Lanberry zasmucona po porażce w "TzG". "Jest potworny niedosyt"
Po ostatnim, burzliwym odcinku "Tańca z gwiazdami", głos zabrała sama Lanberry. Piosenkarka pożegnała się z programem, choć dla wielu była jedną z faworytek do finału. Zarówno ona, jak i jej taneczny partner, Piotr, nie ukrywali smutku po ogłoszeniu wyników.
Lanberry, czyli Małgorzata Uściłowska, była jedną z najbardziej obiecujących uczestniczek tej edycji "Tańca z gwiazdami". W duecie z Piotrem Musiałkowskim prezentowała się coraz pewniej, a jej występy zbierały pochwały od jurorów. W czwartym odcinku, podczas "Beata Night", wokalistka i jej partner pokazali paso doble do jednego z hitów Beaty Kozidrak. Za ten taniec otrzymali 31 punktów.
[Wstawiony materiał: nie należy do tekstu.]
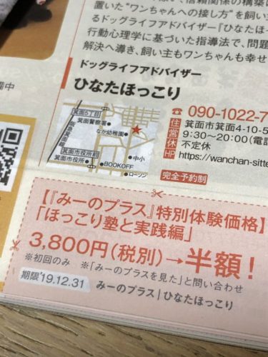 箕面地域みっちゃく生活情報誌『me-no(みーの』に掲載』・【吠えるワンちゃん特別塾】新しいコースの半額割引券付です 先日の台風19号で被災された方々にお見舞い申し上げます 1日でも早く…
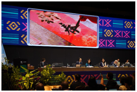 12月4日,在巴拉圭亚松森联合国教科文组织保护非物质文化遗产政府间委员会第19届常会评审现场,大屏幕播放春节宣传视频。新华社记者朱雨博摄
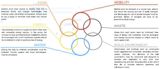 The emergence of the circular economy and its various applications to urban issues has led to the need to identify key priority sectors to study their supply chains and define closed and regenerative cycles. This is carried out with a sustainable vision, addressing “the needs of the present without compromising the ability of future generations to meet their own” [12] and realizing “circular cities.” According to the Circular City Declaration [13], a “Circular City” must adhere to all the principles of the circular economy, namely reduction, reuse, and recycling of resources. Generally, a circular city is characterized by the following elements:
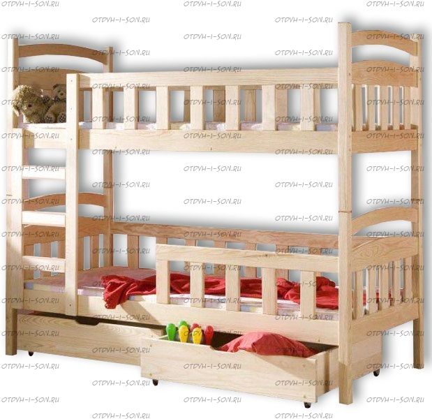 Кровать двухъярусная Классика 145945 Комплектация модели: Спинки 4 штуки, Царга 4 штуки, Борт 4 штуки, Лестница 1 штука, Подматрасники 2 комплекта, ДВП 2 штуки, ящики 2 штуки Характеристики: Размер спального места: Длина спального места: 160 см., 170 см., 180 см., 190 см., 200 см. Ширина верхнего спального места: 70 см., 80 см., 90 см. Ширина нижнего спального места: 70 см., 80 см., 90 см. Изголовье: 190/95 см. Изножье: 190/95 см. Высота спального места: 43/149 см. Расстояние между ярусами: 85 см. Ширина лестницы: 45 см. Спинка: массив сосны, березовая мебельная фанера 12 мм. Каркас: массив сосны Основание: поперечные брусья массив, ДВП 4-5 мм. Ящики каркас: березовая фанера 12 мм, дно ДВП 4-5 мм, выкатная система (4 колесика) - к кровати не фиксируется Ящики фасад: березовая мебельная фанера 12-16 мм, массив сосны Покрытие: Sayerlack (Италия), Renner (Италия) Внимание: возможно увеличение высоты бортиков кровати! Цвет: орех, бук, венге, груша, дуб, каштан, клен, красное дерево, махагон, ольха, сосна, белый (эмаль), слоновая кость (эмаль)
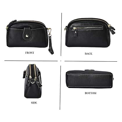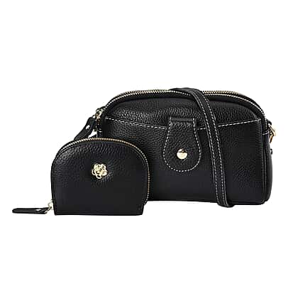 Set of 2 - 100% Genuine Leather Crossbody Bag & Card Wallet with RFID Protection - Black
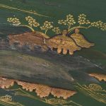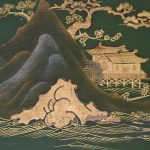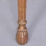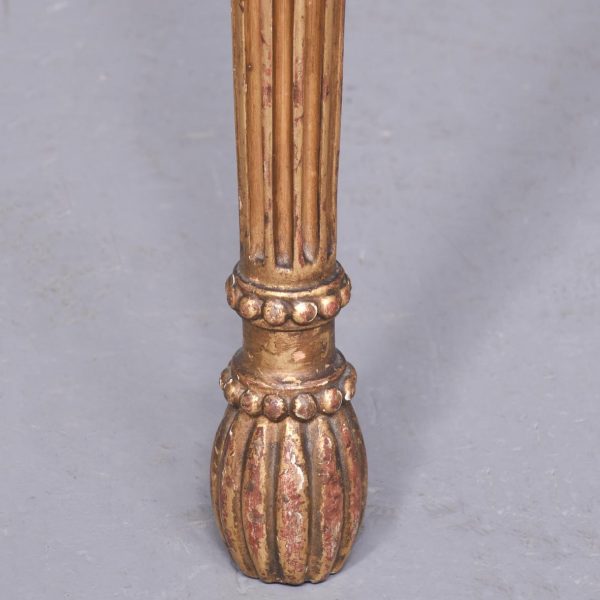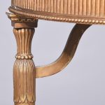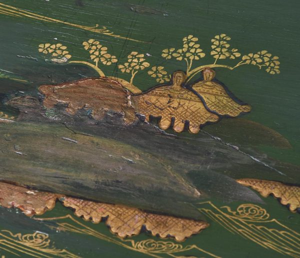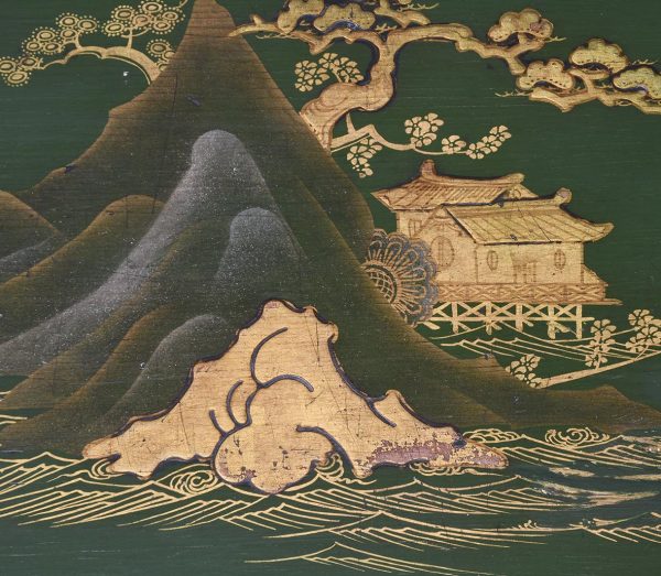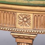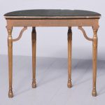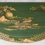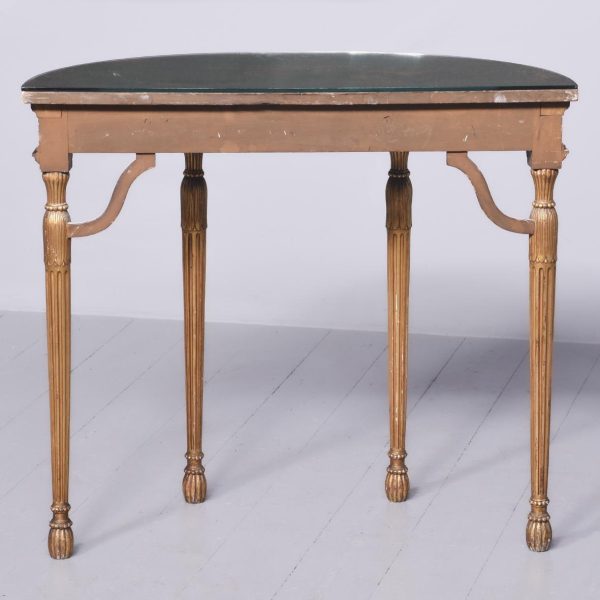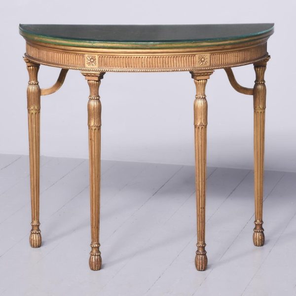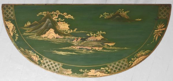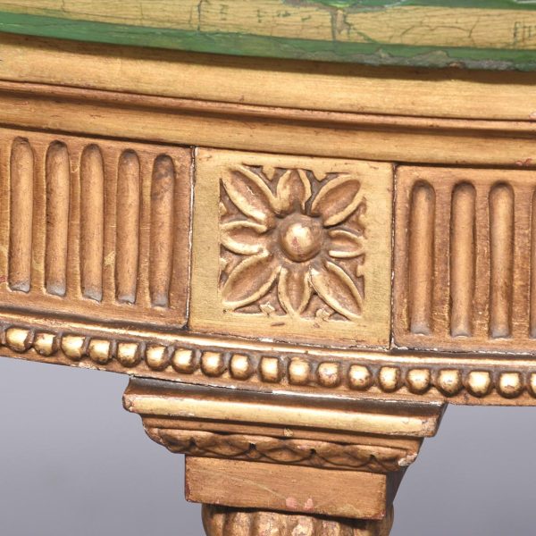 Circa 1900. A stylish Adam and chinoiserie style demi lune table. The top decorated in the Chinoiserie style, including sea, mountains and houses, with a green background with a broad border lined out in gold with further motifs, top with a removable glass. The painted fore edge and frieze with classic Adam style pattern, with reeding and carved and gilded flower, with a fine beading beneath. The table rests of four classic Adam style legs with capitals, fluting, and downward facing foliate carving, fluted tapering legs, with turning at the bottom, resting on four elongated fluted toes.
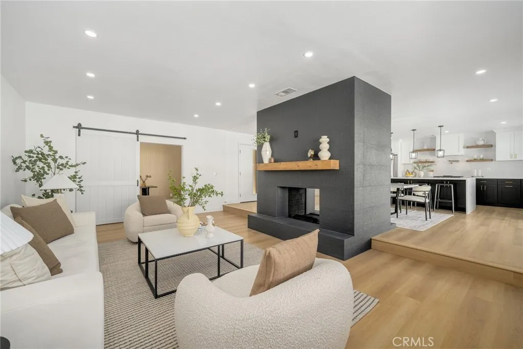 Welcome to your new home! This completely remodeled gem is nestled in an incredible Orange location near top-rated schools. The open-concept living room, family room, and kitchen are ideal for hosting family gatherings or holiday celebrations. With 4 spacious bedrooms, 2 updated bathrooms, and a den/office, comfort and style are seamlessly integrated throughout the home. Enjoy the warmth and charm of a double-sided fireplaceone facing each of the expansive living roomsperfect for cozy nights in. The master suite is a true retreat, featuring a grand master shower and a luxurious walk-in closet. Key features include sleek luxury vinyl flooring, new windows, tankless water heater, modern recessed lighting, and a new HVAC with WiFi-enabled Nest thermostat, adding both convenience and elegance. The chefs kitchen is a dream, showcasing brand-new quartz countertops, cabinetry with gold hardware, butcher block shelving, a charming white herringbone tile backsplash, and a large island ideal for meal prep or casual dining. Step outside through the master bedroom or living rooms large sliders to discover a stunning backyard offering endless possibilities and ample space. It features a beautiful pool and BBQ area. The spacious two-car garage provides plenty of room for storage and parking. This home offers easy access to freeways, shopping, dining, and local attractions, making it the ideal spot to enjoy the best of Orange living. Dont miss out on this opportunity. Come see this gem before it's gone!
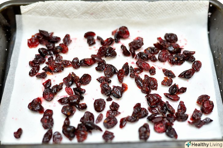 Знизьте температуру до 65 градусів. помістіть журавлину в духовку і почекайте. Процес сушіння займе 6-10 годин, в залежності від потужності духовки і сухості ягоди. Це також залежить від того, чи хочете ви отримати ягоду суху або хрустку. Якщо ви хочете, щоб ягоду можна було жувати, почекайте близько 6 годин. [3]
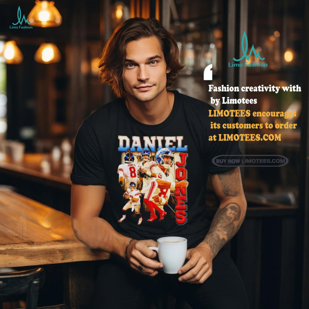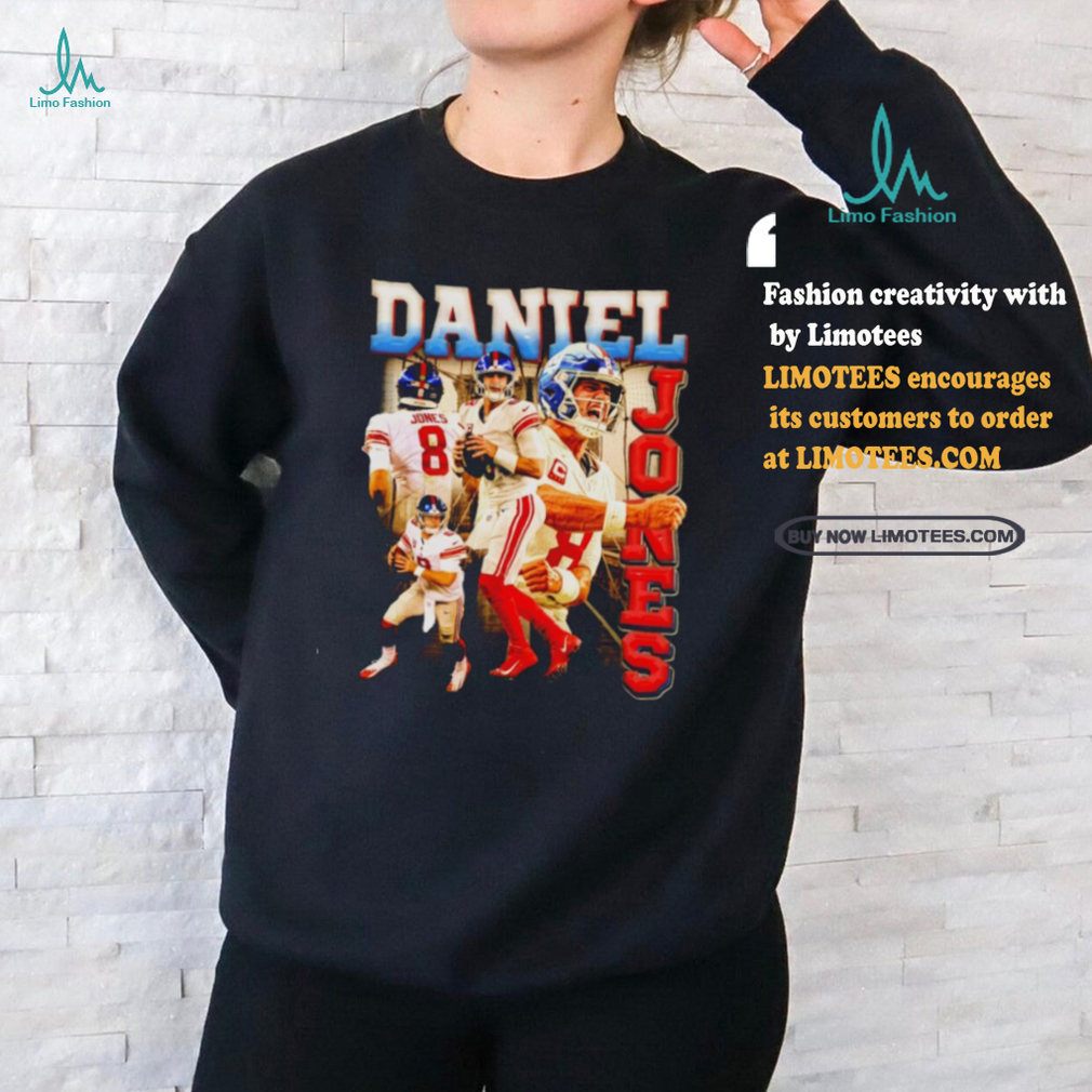 He needs to be bathed, Daniel Jones New York Giants football #8 Shirt , clipped at the groomers. He barks at loud noises, fireworks, gun shots, thunderstorms, air nailers. He barks at dogs and cats on TV, anyone who comes to the door, the garbage men, the propane man, the mail carrier, you name it. I have taught him some tricks; he can shake, smile, speak with an inside voice, and sneeze on command. He can dance and twirl, and put his front paws together like he is praying or begging.
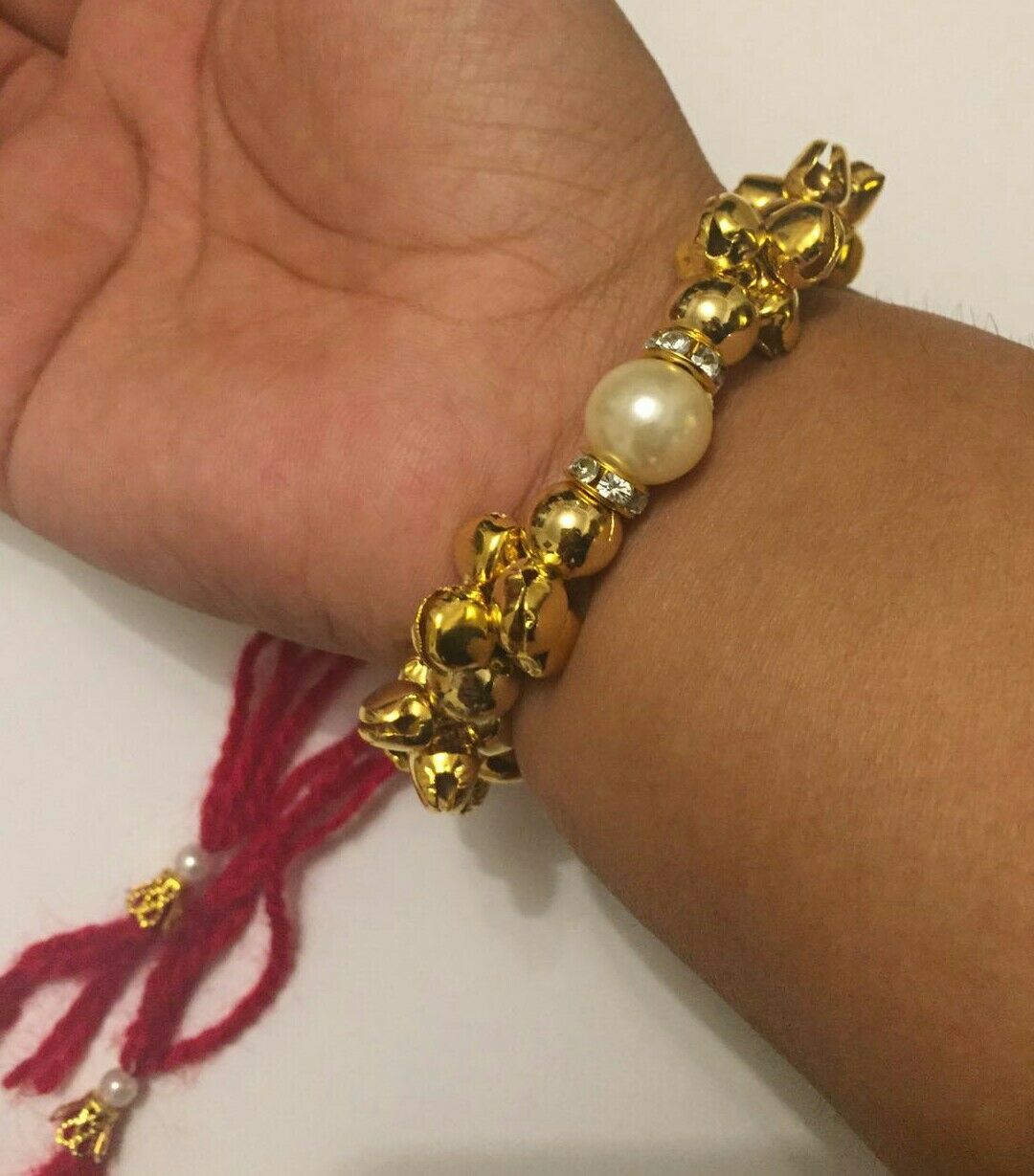 Good Luck Hindu Multi dangling bells Stunning Rhinestones Rings Bracelet Protection Amulet
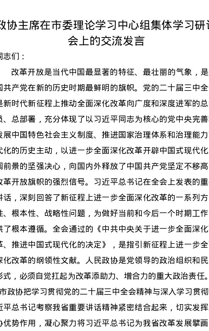 政协主席在市委理论学习中心组集体学习研讨会上的交流发言
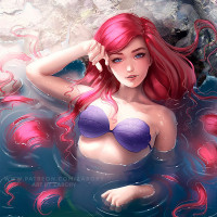 a mermaid form, wearing her signature purple and blue attire. She is sitting at the bottom of

Choć oceny były solidne, a występ zebrał pozytywne komentarze, to właśnie ten odcinek okazał się dla nich ostatnim.
Wiktoria Gorodecka o sukcesie w pierwszym odcinku Tzg. Czy powtórzy sukces Vanessy Alexander?
Lanberry i Piotr szczerze po eliminacji z "TzG"
Po głośnym werdykcie, który wywołał prawdziwą burzę w sieci, para w końcu zabrała głos.
Smutno jest, wiadomo… Zawsze rozstanie z tym programem jest przykre, bo w niego się tak fajnie wkręcamy. I jest taki niedosyt, na pewno - mówił Piotr.
Lanberry wtórowała mu, nie kryjąc swojego żalu. Miała bowiem jeszcze kilka asów w rękawie, których nie zdążyła zaprezentować.
Jest potworny niedosyt. Bo ja tutaj jeszcze naprawdę chciałam pokazać… No ale niestety zabrakło głosów. Dziękujemy za te wszystkie, które wpłynęły - wyznała.
Nie mówi "żegnaj", tylko "do zobaczenia". Lanberry o tańcu po "TzG"
Mimo rozczarowania, artystka podeszła do wszystkiego z charakterystycznym dla siebie spokojem i wdzięcznością. Nie zabrakło też nadziei, że przygoda z tańcem wcale się nie kończy.
Ja mam nadzieję, że zapukam w drzwi sali tanecznej i się okaże, że są otwarte, i że jeszcze trochę sobie potańczymy — dodała z uśmiechem.
Lanberry podkreśliła też, że udział w show był dla niej nie tylko tanecznym wyzwaniem, ale i emocjonalną podróżą.
No smutno nam. Po prostu. Ale myślę, że to przygoda na całe życie. I bardzo się cieszę, że to przeżyłam z tobą, Piotruś — zwróciła się do partnera, nie kryjąc wzruszenia.
Przy okazji uczestnicy show miło wspomnieli wspólny walc wiedeński. To właśnie ten taniec widzowie często wskazują jako najpiękniejszy występ Lanberry w programie.